Pulse logo
Pulse Region

MPs plot scrapping of Kenya Power monopoly

The proposal to end Kenya Power's monopoly and allow Independent Power Producers (IPPs) to sell tokens directly to consumers is gaining momentum.
Kenya Power employees at work
Kenya Power employees at work

The proposal to end Kenya Power's monopoly and allow Independent Power Producers (IPPs) to sell tokens directly to consumers is gaining momentum.

The National Assembly's Energy Committee is currently in Mombasa writing a report on how to reduce the high cost of electricity in the country.

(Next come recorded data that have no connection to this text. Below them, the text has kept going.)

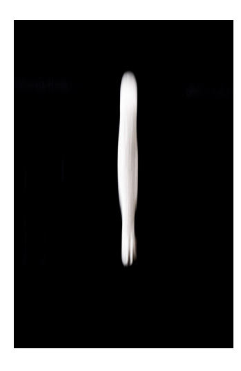
ULM series Untitled 1, São Paulo, 2024 Print on cotton paper 60 x 40 cm Edition of 20
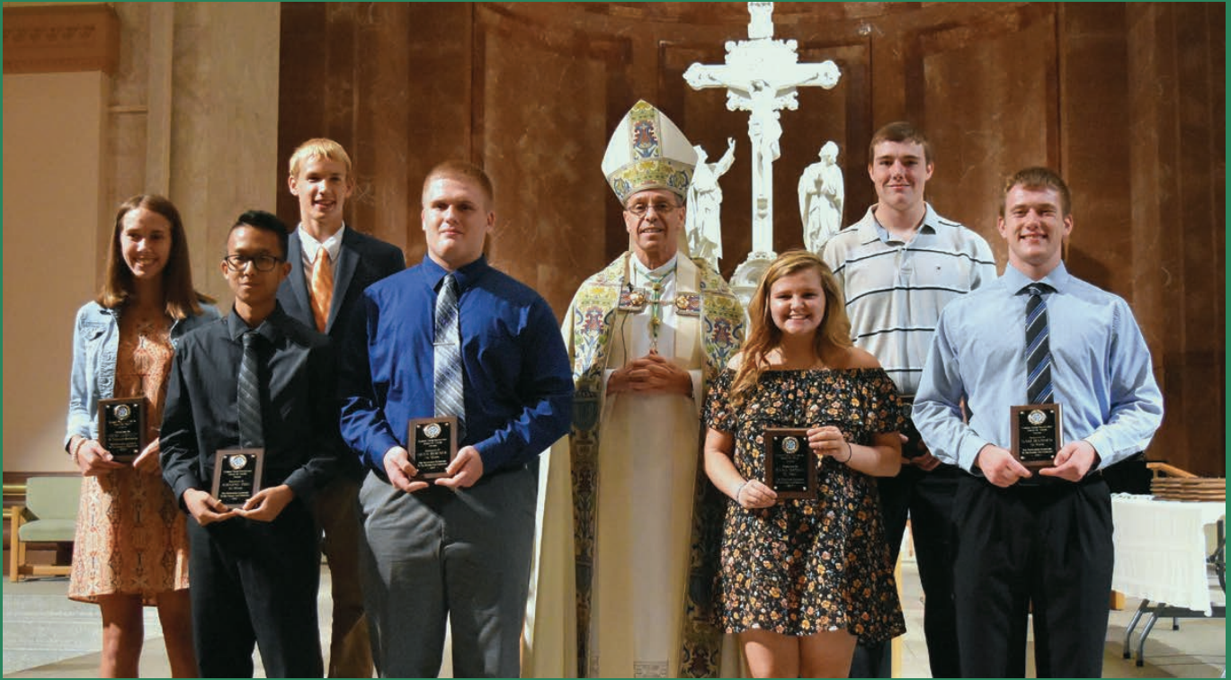
2017 Spirit of Youth Award Winners
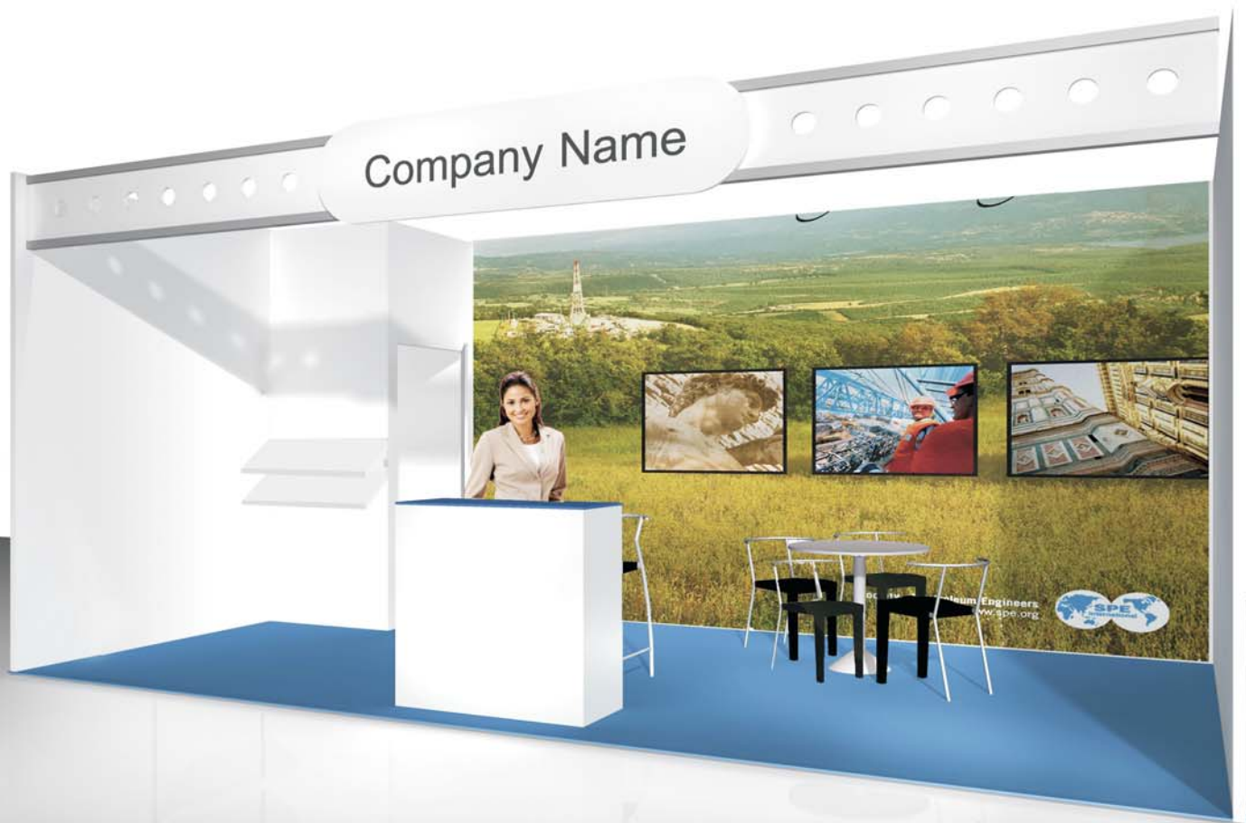
Example of booth 600x300 cm GRAPH A

“The main purpose of this proposal is to give consumers choices on where to buy their tokens from and IPPs to have direct contact with the customers. It is the IPPs that will decide the billing. If a customer feels KPLC is expensive, they can opt for IPPs,” a source disclosed to Business Daily.

This move aims to establish a direct connection between IPPs and customers, offering competitive pricing.

If approved, consumers will be able to choose between buying their power from either Kenya Power or IPPs by choosing which is cheaper.

The committee is also considering the termination of expensive contracts between Kenya Power and the IPPs that costs the firm Sh23 billion annually.

READ: Ndindi Nyoro splashes millions on more Kenya Power shares

The Energy and Petroleum Regulatory Authority (EPRA) has also developed regulations to facilitate direct power sales, including a licensing and tariff-setting framework specifically for IPPs.

Earlier in June, IPPs pushed for a proposal to sell electricity directly to consumers, potentially breaking Kenya Power's long-held monopoly.

During a session with the Senate Committee on Energy, George Aluru, Chairman of the Electricity Sector Association of Kenya, proposed opening the Kenya Power market to competition from local independent power producers, citing the Energy Act, 2019, which supports competition.

IPPs argued that the existing system, where they sell power to Kenya Power at wholesale prices and subsequently repurchase it at retail prices, leads to inefficiencies and restricts their ability to innovate and offer better deals directly to end consumers.